2005-2006
A Fork in
the Road to Reality


Thursday, March 9th, 2006
Dr. Roger
Penrose

Oxford University

Roger Penrose is Emeritus Rouse Ball Professor of Mathematics at Oxford University. He has received a number of prizes and awards, including the 1988 Wolf Prize for physics, which he shared with Stephen Hawking for their joint contribution to our understanding of the universe. His books include The Emperor’s New Mind, Shadows of the Mind, and The Nature of Space and Time, which he wrote with Hawking. He has lectured extensively at universities throughout America. He lives in Oxford.
Sir Roger Penrose gives us an overall narrative description of our present understanding of the universe and its physical behaviors–from the unseeable, minuscule movement of the subatomic particle to the journeys of the planets and the stars in the vastness of time and space.

Second, he evokes the extraordinary beauty that lies in the mysterious and profound relationships between these physical behaviors and the subtle mathematical ideas that explain and interpret them.
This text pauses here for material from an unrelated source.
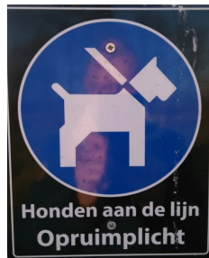
Honden aangelijnd met opruimplicht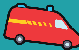
Attendre l'autorisation des pompiers ou du chauffagiste pour y retourner

Third, Penrose comes to the arresting conclusion–as he explores the compatibility of the two grand classic theories of modern physics–that Einstein’s general theory of relativity stands firm while quantum theory, as presently constituted, still needs refashioning.

Penrose covers a wealth of issues, controversies, and phenomena; about the roles of various kinds of numbers in physics, ideas of calculus and modern geometry, visions of infinity, the big bang, black holes, the profound challenge of the second law of thermodynamics, string and M theory, loop quantum gravity, twistors, and educated guesses about science in the near future.